Know More About… 1031 Exchanges
The 1031 Exchange name comes from Internal Revenue Code Section 1031. It enables you to defer capital gains tax and depreciation recapture by reinvesting the proceeds from the sale of investment property into replacement property, thus preserving significant wealth in your estate. Your 1031 Exchange deferrals can be continued through as many exchanges as you wish. However, when you sell the property without reinvesting in a new property, there will be capital gains and depreciation recapture tax liability. Our Capital Gains Tax Calculator can help you get an idea of your liability.
In addition, a 1031 Exchange lets you purchase a leveraged replacement property. This increases your basis by the amount of additional debt you assume and allows for additional depreciation pass-through. This can shelter as much as 50% to 60% of the rental-income cash flow from income taxes. On an after-tax basis, we believe the rate of return (ROR) for a 1031 Exchange into securitized real estate is comparable to the ROR on investments that may carry more risk.
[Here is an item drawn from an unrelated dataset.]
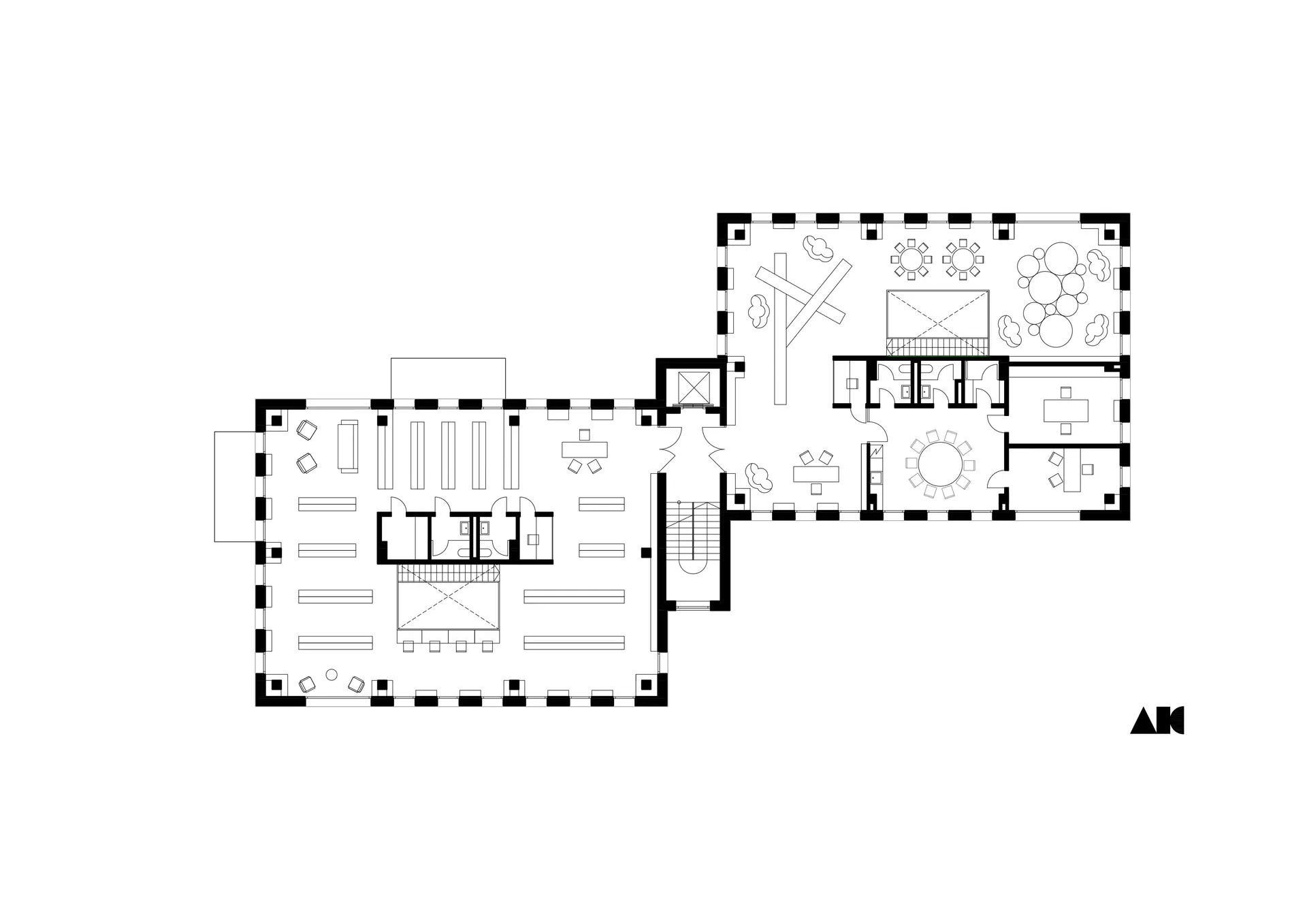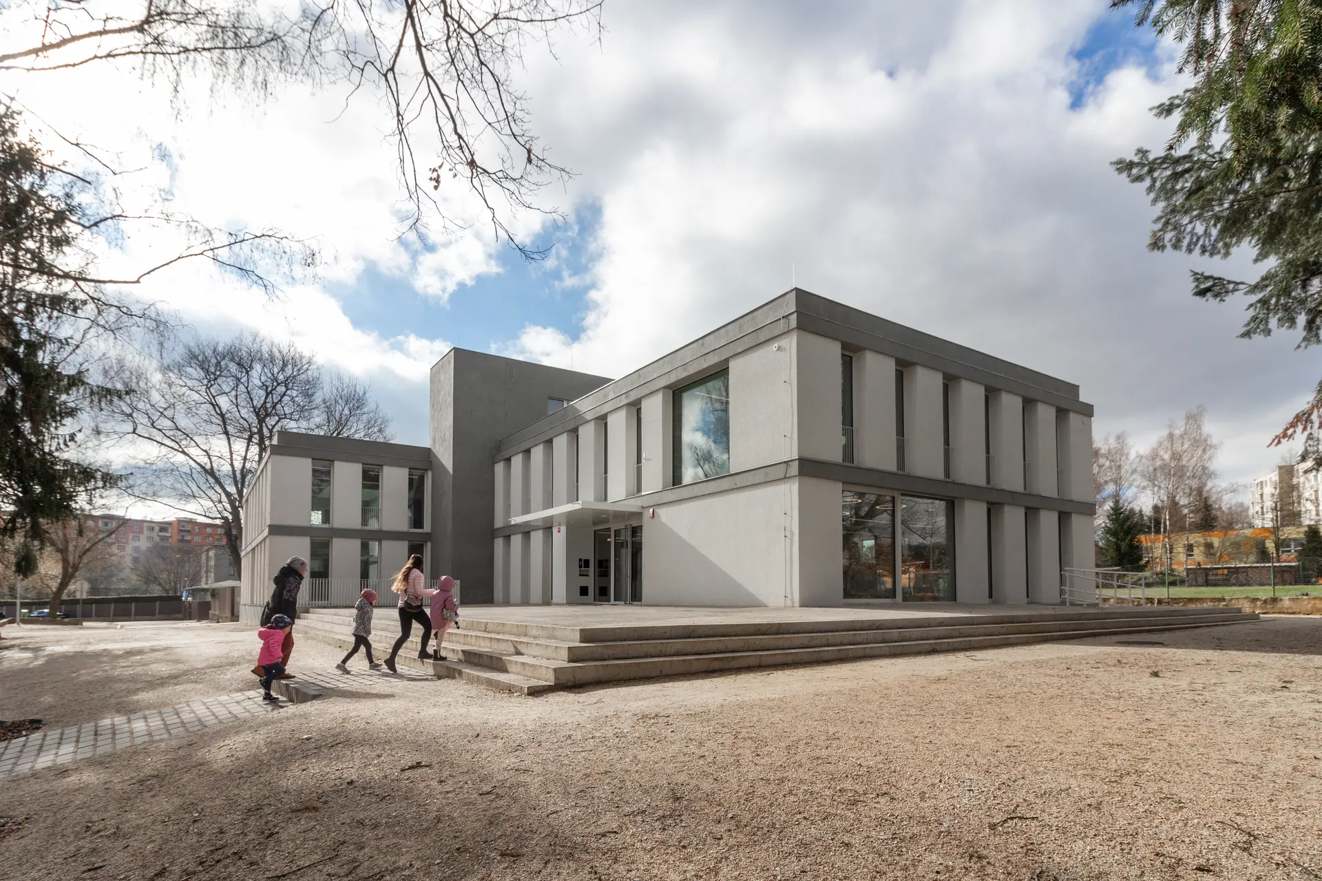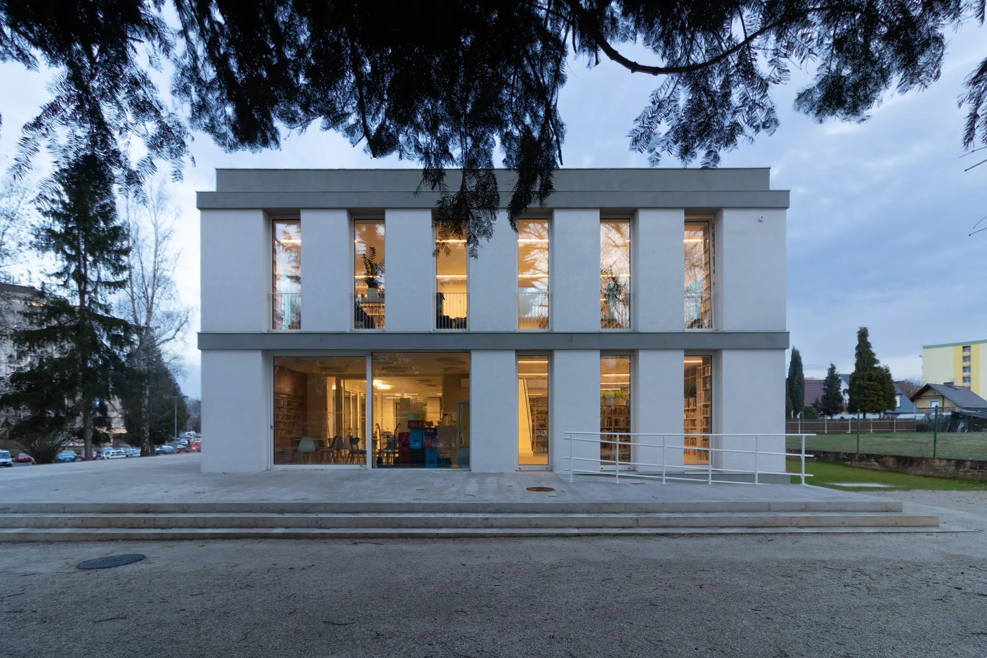 Struktura původního objektu předjímá funkční rozdělení objektu po jednotlivých objemech – severní část objektu je věnována dospělému oddělení, doplněnému o kavárnu a vstupní část, jižní část objektu je věnována dětskému oddělení, které je v patře doplněno o minimalizované administrativní zázemí knihovny s komunitní kuchyňkou. V suterénu je situován multifunkční sál s nezbytným zázemím a technická místnost. Sociální zázemí objektu jsou umístěna uprostřed dispozice tak, aby se maximálně využil prostor přirozeně osluněný denním světlem, komunikační jádro je umístěno na střihu obou objektů. V rámci projektu bezprostředního okolí jsou navrženy 3 typy veřejného prostoru: 1) vstupní – velkorysá vstupní platforma, kde je možné pořádat výstavy; 2) klidný – zastíněná klidná terasa, navazující na dětské oddělení a 3) slavnostní – pochozí terasa na střeše porostlé extenzivní zelení. Fasády abstrahované do pilířů a stropních desek naznačují významnou městskou funkci budovy – knihovny. Velkorysé otvory ve fasádě umožňují přímý kontakt mezi exteriérem a interiérem budovy. Probourání stropu a světlík uprostřed každé z budov umožňují prosvětlení dispozice a navozují pocit velkorysého prostoru v mezích nízké světlé výšky původní konstrukce.

With the possibility of additional return from appreciation of the property, the after-tax return on investment on an annualized basis can be even greater.
A tax-deferred 1031 Exchange can be a powerful wealth-building tool. However, we highly recommend you consult a professional tax advisor to ensure that you meet every requirement of Internal Revenue Code Section 1031. Failure to meet requirements can result in immediate tax liabilities and associated penalties. In addition, you must follow – to the letter – the strict timeline and procedural requirements for a proper 1031 Exchange.